Although text mining remains a relatively new field, its importance is by no means unrecognized. A number of firms already offer a variety consulting services as well as a wide range of tools, including everything from one-size-fits-all products, to more specialized solutions geared to analyzing complex collections of documents like scientific publications, newswires, and other press reports.

Ongoing Development
One of the keys to text mining is the classification of words, a subject that is hardly new. “It is now nearly 50 years since I first projected a system of verbal classification similar to that on which the present work is founded.” So wrote Dr. Peter Roget in the preface to the first edition of his famous thesaurus, which collected words in related categories such as Hearing, Deafness, Sound, Silence, Faintness of Sound, and Loudness. The year was 1852.

It is this idea that is now being expanded by WordNet. WordNet, a product of an ongoing research project at Princeton University, is an electronic lexical reference system for the English Language. Its design is inspired by current psycholinguistic theories of human lexical memory. A popular tool among text and natural language researchers, its relative comprehensiveness and free-of-charge distribution—along with its numerous tools and associated data sets—give it the potential of becoming a standard. It has already inspired compatible developments in other languages, paving the road to multi-lingual and cross-lingual applications.

In WordNet, English nouns, verbs, adjectives, and adverbs are organized into synonym sets called synsets. Each synset consists of a list of synonymous word forms, representing one underlying lexical concept. Semantic pointers describe relationships between the synsets. For instance, there is a synset for the synonym set {industry, manufacture, manufacturing}. WordNet contains approximately 122,000 terms grouped into approximately 99,000 synsets and is constantly being updated and expanded. The main relationships between synsets are the hyponym/hypernym relationship and the meronym/holonym relationship. An “oak” is a kind of “tree” is an example of the first, and a “pitcher” is part of a “baseball team” is an example of the second.

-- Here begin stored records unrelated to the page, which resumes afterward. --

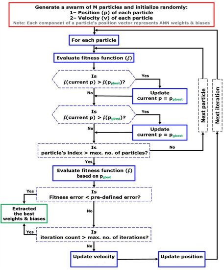 Flowchart of the Particle Swarm Optimization (PSO)-based optimization algorithm for evolving the weights and biases of the constructed artificial neural networks (ANN).
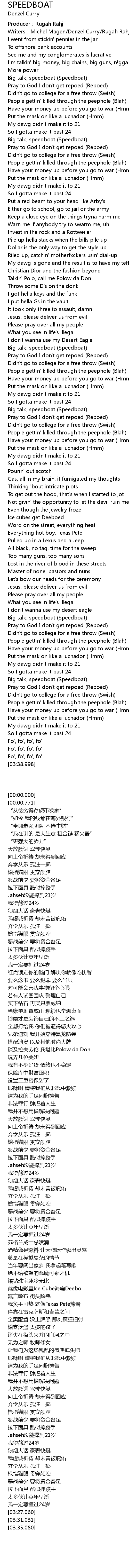 | [00:31.413] | Big talk, speedboat (Speedboat) |
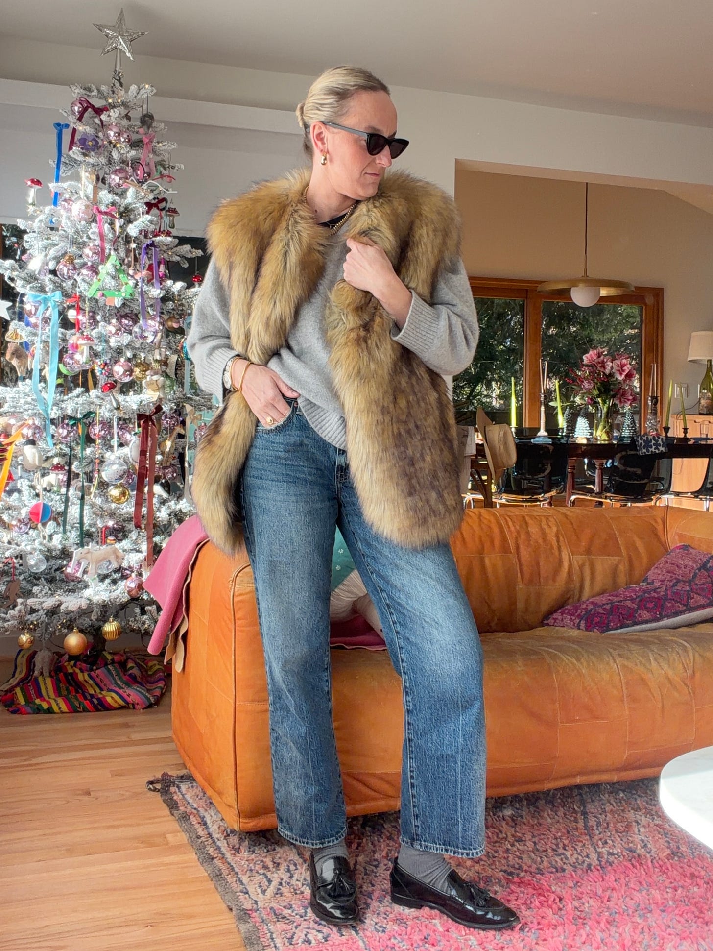 In all honesty, I’m fighting for my life in these pic, following a night of dancing and drinking in semi-formal attire at our annual holiday dinner dance. But Santa must persevere. I ended up swapping the vests out and adding a coat for my afternoon of errands. Does this count as a groutfit Tina Boetto?
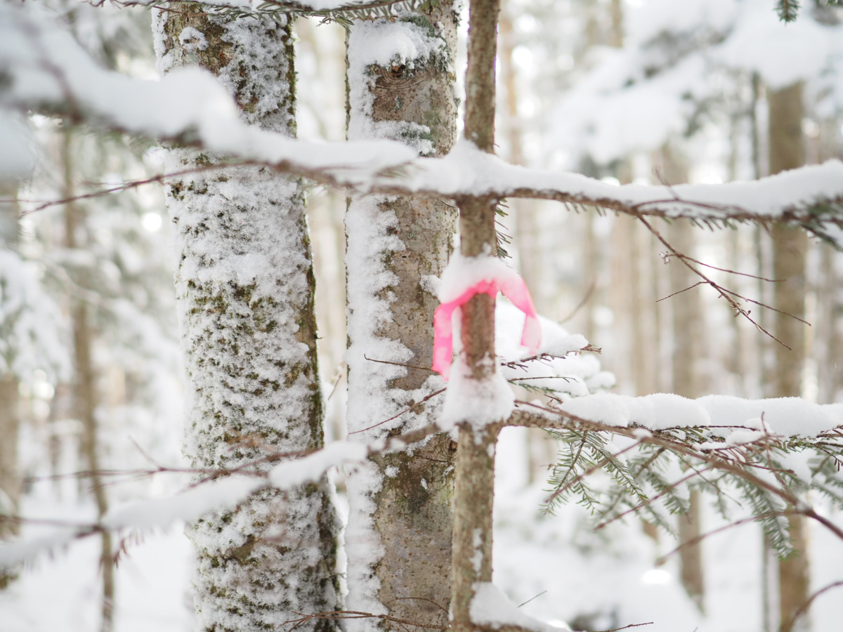 ピンクのテープがアクセント、かわいい。森のなかのかわいいものを探しながら歩くのも楽しいです。
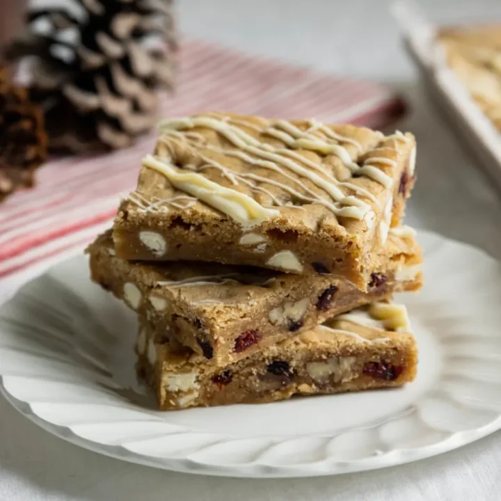 Nothing says happy holidays like these festive Cranberry White Chocolate Blondies. They're soft and chewy with tart cranberries and creamy white chocolate and easy to make.
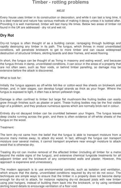 Every house uses timber in its construction or decoration, and while it can last a long time, it is a died material and nature has various methods of making it decay unless it is looked after. Providing it is well maintained, timber will last many life times. Below two areas of timber rot found in the UK are addressed - dry rot and wet rot.
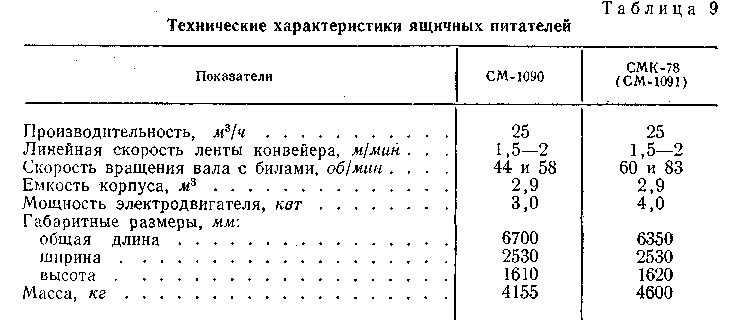 Выпускают также ящичные питатели СМ-1090 с резиновой лентой.
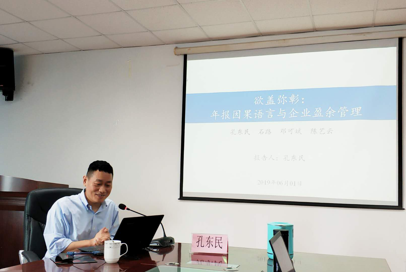 2019年6月10日上午,孔东民教授应邀到BB贝博艾弗森官网开展学术交流与指导,并做客BB贝博艾弗森官网2019第13期“经济学名家讲堂”,为师生做了《欲盖弥彰:年报因果语言与企业盈余管理》的精彩学术报告。
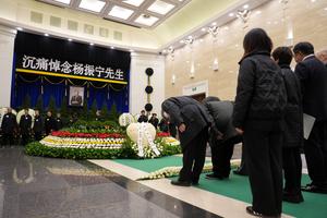 (251025) -- BEIJING, 25 octubre, 2025 (Xinhua) -- Imagen del 24 de octubre de 2025 de personas rindiendo homenaje a Chen Ning Yang en el Cementerio Revolucionario de Babaoshan, en Beijing, capital de China. Una ceremonia se llevó a cabo el viernes en Beijing para rendir homenaje al fallecido físico Chen Ning Yang, premio Nobel, académico de la Academia de Ciencias de China y profesor de la Universidad de Tsinghua. (Xinhua/Ju Huanzong) (jg) (rtg) (da)
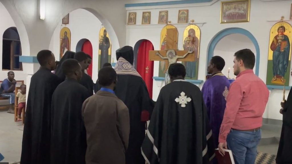 Ιδιαίτερα συγκινητικές είναι στιγμές που μας έρχονται από τις εσχατιές της Αφρικής. Εκεί που ο Χριστός μας σταυρώνεται καθημερινά στο πρόσωπο των εμπερίστατων αδελφών μας. Ο Θεοφιλέστατος Επίσκοπος Αρούσας και Κεντρικής Τανζανίας κ. Αγαθόνικος ψάλλει μαζί με τους αδελφούς μας ιθαγενείς το «Σήμερον κρεμᾶται ἐπὶ ξύλου» στο Ιεραποστολικό Κέντρο Ιρίγκας.
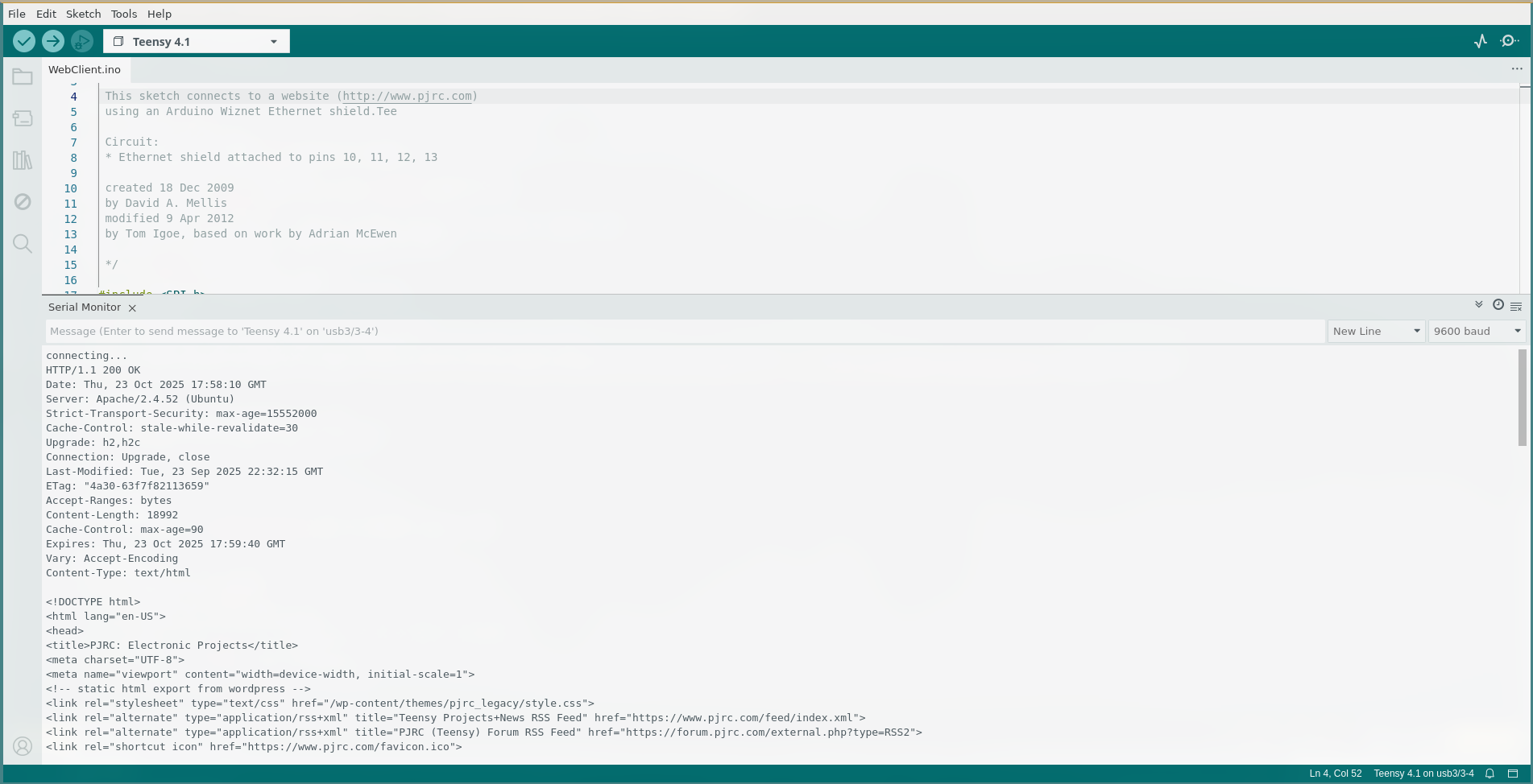 Now that we have everything assembled, connected and installed, let's run a quick test sketch in Arduino to make sure we can connect to the Internet. For this we'll use the WebClient example included in the Ethernet Arduino Library to connect to a website (in this case, http://www.pjrc.com) and print out . Open the example by navigating to File > Examples > Ethernet > WebClient. Select your Board and Port and click the "Upload" button.

Along with new statistical models and more powerful processors, reference tools like WordNet are sure to play a major role as text mining continues to advance in the coming years.

Limitations
In spite of its vast potential, it must be noted that Text Mining is still in its infancy. For example, the empirical results from a number of recent studies on document retrieval place the improvement rate over searches done strictly by the co-occurrence words at between 5 and 10%. Still, in many instances, the increased accuracy represented by even such small percentages as these are not merely significant, but substantial, and researchers point out that they have been able to consistently improve their results.